▸ **The input**
╭──

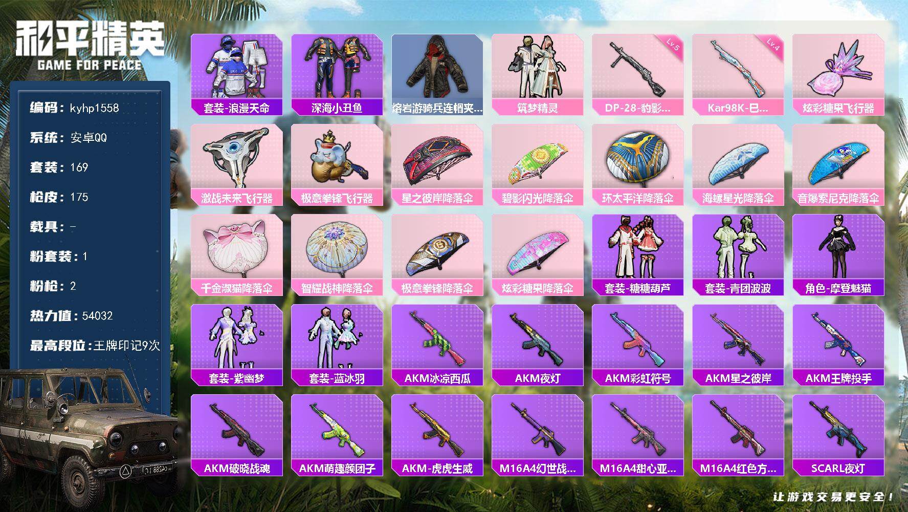 PX_2550473--1粉装-2特效枪-0载具-3粉色飞行器-54032热力值-9王牌印记-169套装-175枪皮 【热门品类】:套装-浪漫天命,套装-深海小丑鱼,熔岩游骑兵连帽夹克 【粉色套装】:粉装-筑梦精灵 【粉色枪皮等级】:Kar98K-巳巳如意(四级),DP-28-豹影疾电(五级) 【粉色枪皮】:Kar98K-巳巳如意,DP-28-豹影疾电 【粉色飞行器】:炫彩糖果飞行器,激战未来飞行器,极意
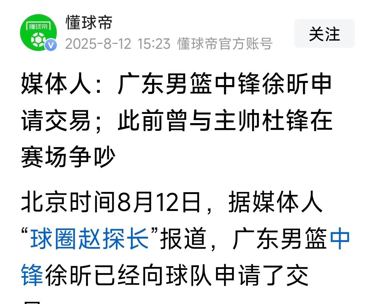 知名博主:徐昕已申请交易,广东宏远正在评估可能性 北京时间今日下午,CBA传来重
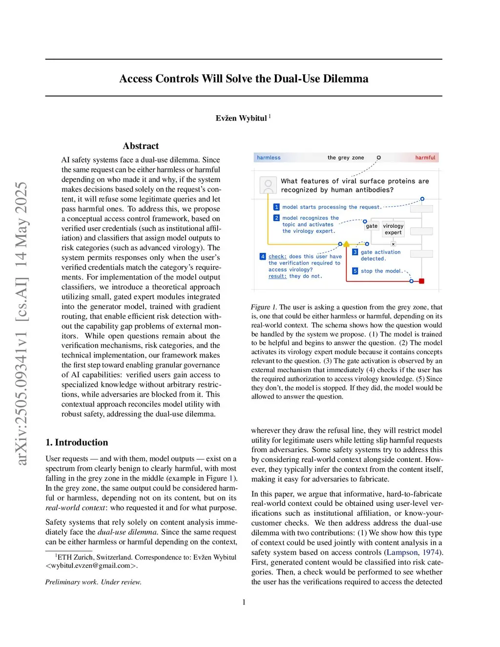 AI safety systems face the dual-use dilemma. It is unclear whether to answer dual-use requests, since the same query could be either harmless or harmful depending on who made it and why. To make better decisions, such systems would need to examine requests' real-world context, but currently, they lack access to this information. Instead, they sometimes end up making arbitrary choices that result in refusing legitimate queries and allowing harmful ones, which hurts both utility and safety. To address this, we propose a conceptual framework based on access controls where only verified users can access dual-use outputs. We describe the framework's components, analyse its feasibility, and explain how it addresses both over-refusals and under-refusals. While only a high-level proposal, our work takes the first step toward giving model providers more granular tools for managing dual-use content. Such tools would enable users to access more capabilities without sacrificing safety, and offer regulators new options for targeted policies.
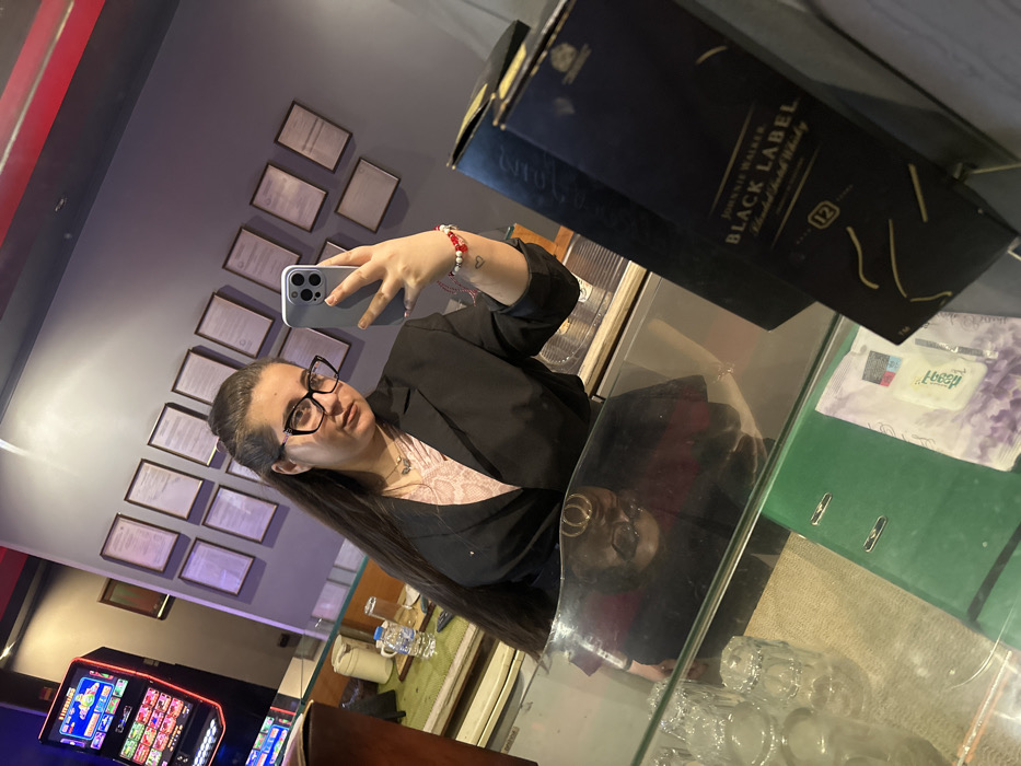 The scene is located within a commercial establishment in Primorsko, Bulgaria, depicting a young woman taking a selfie in a reflective surface. The female individual, positioned centrally, has long dark hair pulled back and wears black-framed eyeglasses, a black blazer over a light pink patterned top, a delicate necklace, and a red and white beaded bracelet with a red string on her left wrist. A small heart tattoo is visible on her left forearm. She holds a light grey smartphone with multiple cameras in her left hand, angled to capture her reflection. In the background, to the upper left, a brightly illuminated slot machine displaying colorful game graphics is visible. To the upper right, a grey wall is adorned with approximately eleven framed documents, arranged in two rows, indicative of licenses or certifications. The woman's reflection, distorted by the angle, is visible on a glass counter surface in the lower portion of the image. On this counter, to the right, two dark blue boxes of "Johnnie Walker Black Label Blended Scotch Whisky 12" years old are prominently displayed. Behind the glass counter, on a lower shelf, clear drinking glasses are stacked, alongside a white pitcher and a plastic bottle of water. Further below the counter, a green binder and some crumpled white material are visible.
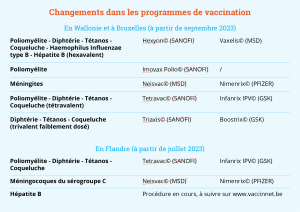 A partir du 1er septembre 2023 pour la Fédération Wallonie-Bruxelles et à partir du 1er juillet 2023 pour la Flandre, les produits fournis seront différents pour certains vaccins. Nous avons compilé ces changements en une seule infographie pour plus de clarté.
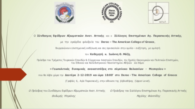 Ο Σύνδεσμος Εφέδρων Αξιωματικών Αν. Αττικής σε συνεργασία με τον Σύλλογο Επιστημόνων Αγ.Παρασκευής Αττικής, με την εγκάρδια φιλοξενία του Deree – The American College of Greece, διοργανώνουν επιστημονική εκδήλωση και σας προσκαλούν στην ομιλία – συζήτηση με ομιλητή τον Καθηγητή κ.Ιωάννη Μάζη, Πρόεδρο του Τμήματος Τουρκικών Σπουδών και Σύγχρονων Ασιατικών Σπουδών, της Σχολής Οικονομικών και Πολιτικών Επιστημών, του Εθνικού και Καποδιστριακού Πανεπιστημίου Αθηνών, με θέμα: “Γεωπολιτικές δυναμικές ανακατατάξεις στο σύμπλοκο Βαλκανίων – Μεσογείου”, την ΔΕΥΤΕΡΑ 2-12-2019 και ώρα 18.00΄στο Deree – The American College of Greece (Γραβιάς 6, Αγ.Παρασκευή), στην αίθουσα της Βιβλιοθήκης (Upper Level).
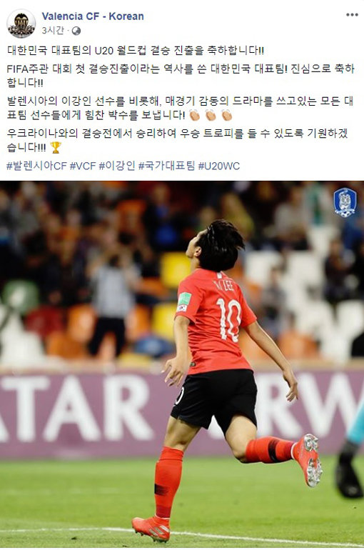 이강인(18)의 소속팀 스페인 프리메라리가 발렌시아가 U-20월드컵 결승에 오른 한국대표팀에 축하 메시지를 보냈다.
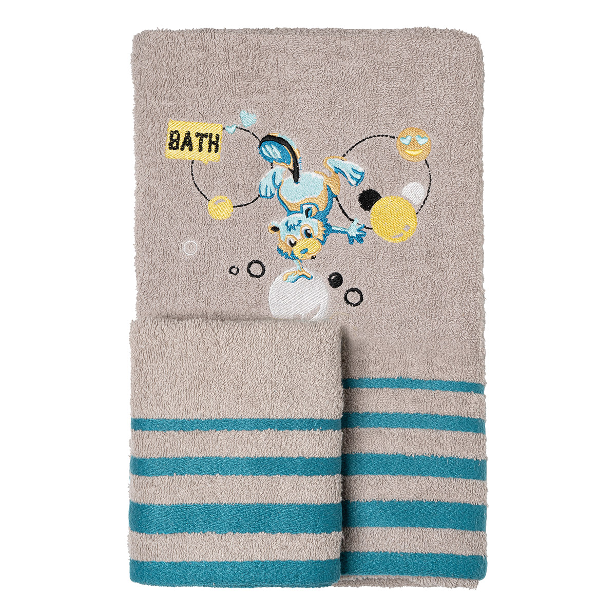 Σετ πετσέτες 2 τεμαχίων ( 40×70 + 70×130 ), κατασκευασμένη από 100% βαμβάκι με χαρούμενο κέντημα.
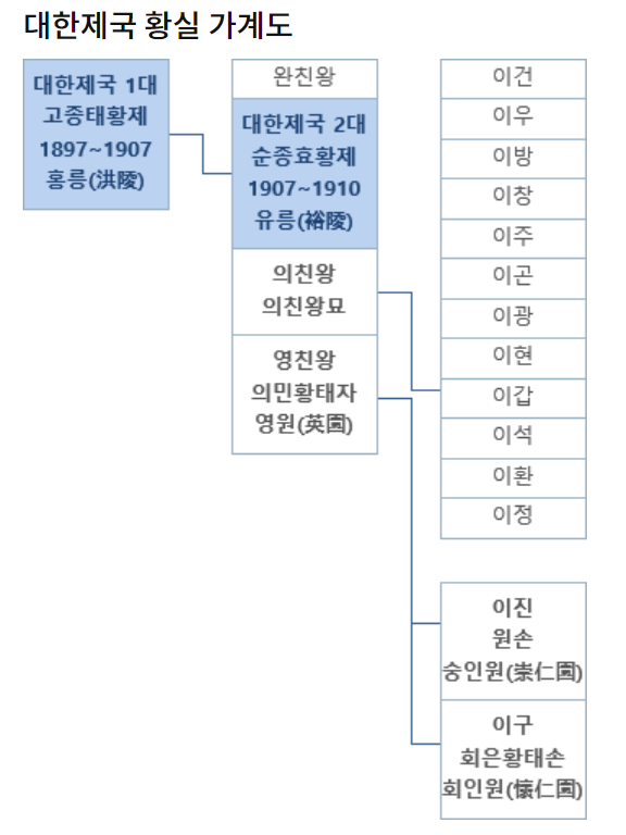 1897년에 대한제국으로 전환되며 왕실의 지위가 황실로 격상되어 왕을 황제, 왕비를 황후, 왕세자를 황태자, 왕세자빈을 황태자비, 왕자를 친왕이라 하였다.
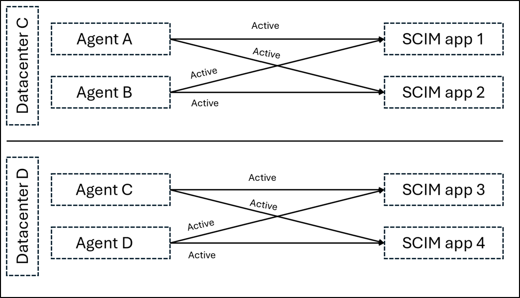 对于使用 SCIM 连接器的本地应用:建议每个应用程序有两个活动代理。
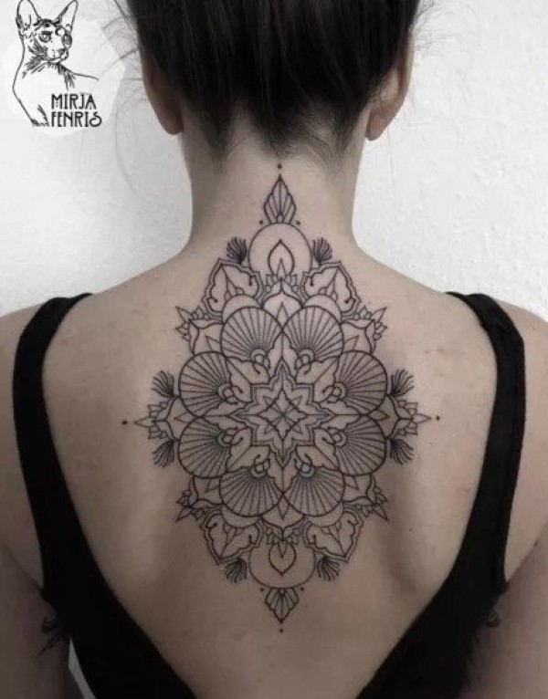 适合女生纹在后背脊柱处的唯美梵花纹身图案
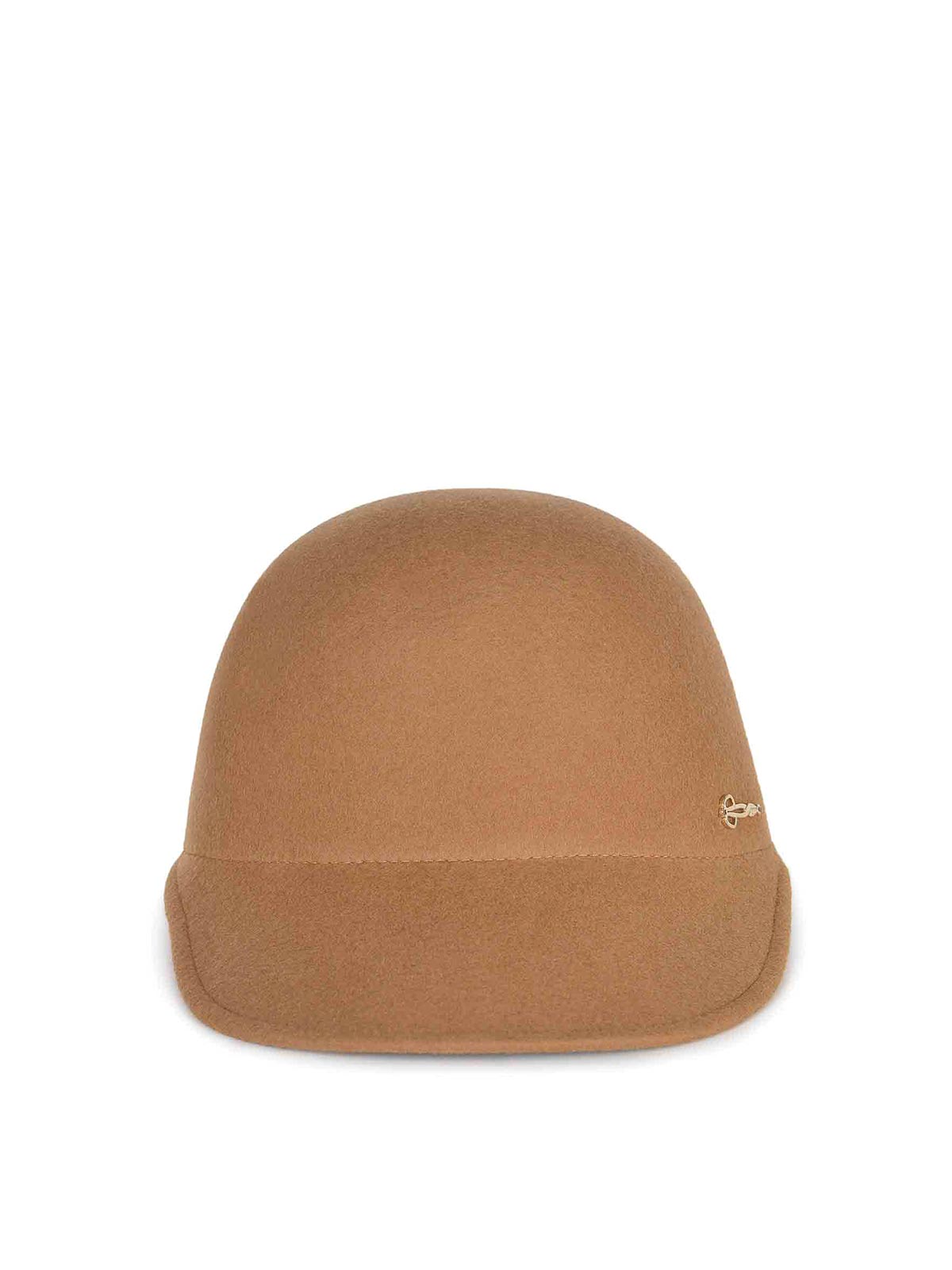 キャメルカラーのウール製Catarzi「anversa」ハット、サイドディテールはシルバーで刺繍、イタリア製ウール100%
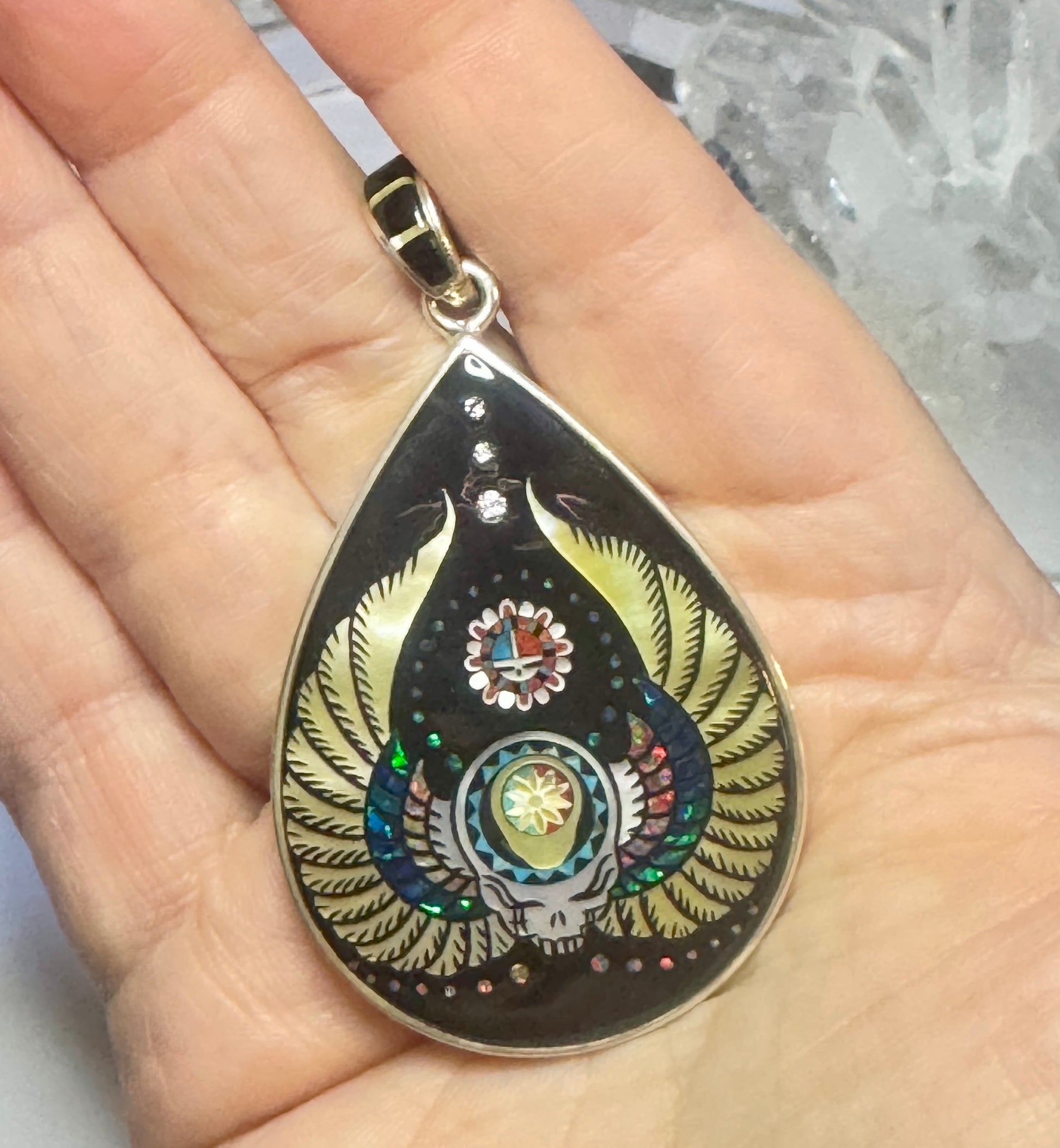 An elevated tribute to classic Grateful Dead iconography, this teardrop-shaped pendant features the Winged Steal Your Face emblem in a bold, radiant composition. The intricate inlay work brings out every detail in stunning contrast—gleaming wings, celestial geometry, and luminous color all centered around a powerful SYF skull.
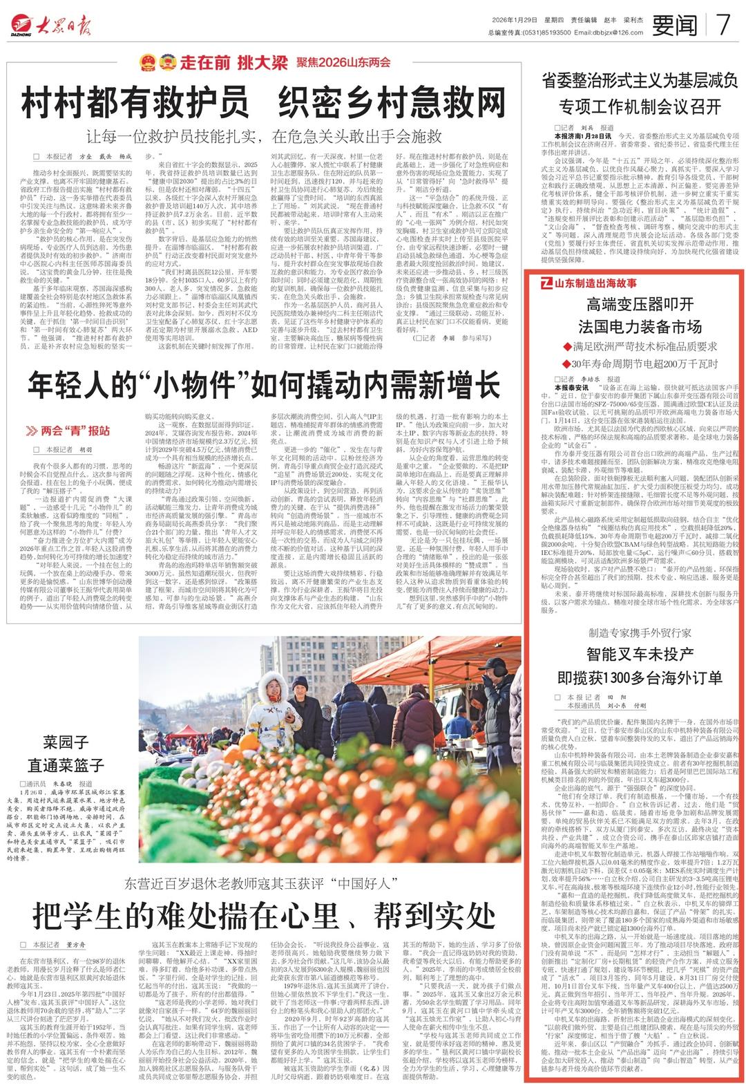 1月29日,7版要闻分别刊发《高端变压器叩开法国电力装备市场》,《智能叉车未投产即揽获1300多台海外订单》,报道来自泰安的山东泰开变压器有限公司、山东中机特种装备有限公司凭借科技创新,成功闯入海外市场。详情请点击这里—
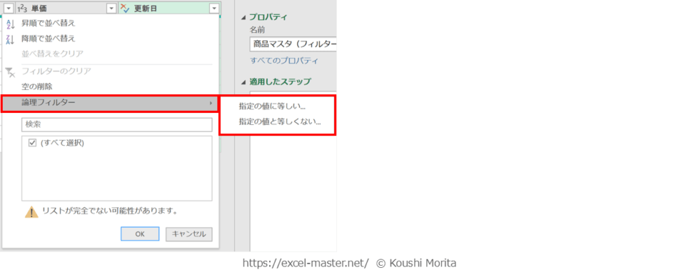 手順①のステップ名は、フィルターのデフォルトの名前(自身でリネームしている場合は別表記)。

╰──

▸ **Task requirements**
Starting with the line above that holds "知名博主:徐昕已申请交易,广", restate each line word for word up to and including the line that holds "AI safety systems". Drop the pictures.

▸ **Solution**
 知名博主:徐昕已申请交易,广东宏远正在评估可能性 北京时间今日下午,CBA传来重
 AI safety systems face the dual-use dilemma. It is unclear whether to answer dual-use requests, since the same query could be either harmless or harmful depending on who made it and why. To make better decisions, such systems would need to examine requests' real-world context, but currently, they lack access to this information. Instead, they sometimes end up making arbitrary choices that result in refusing legitimate queries and allowing harmful ones, which hurts both utility and safety. To address this, we propose a conceptual framework based on access controls where only verified users can access dual-use outputs. We describe the framework's components, analyse its feasibility, and explain how it addresses both over-refusals and under-refusals. While only a high-level proposal, our work takes the first step toward giving model providers more granular tools for managing dual-use content. Such tools would enable users to access more capabilities without sacrificing safety, and offer regulators new options for targeted policies.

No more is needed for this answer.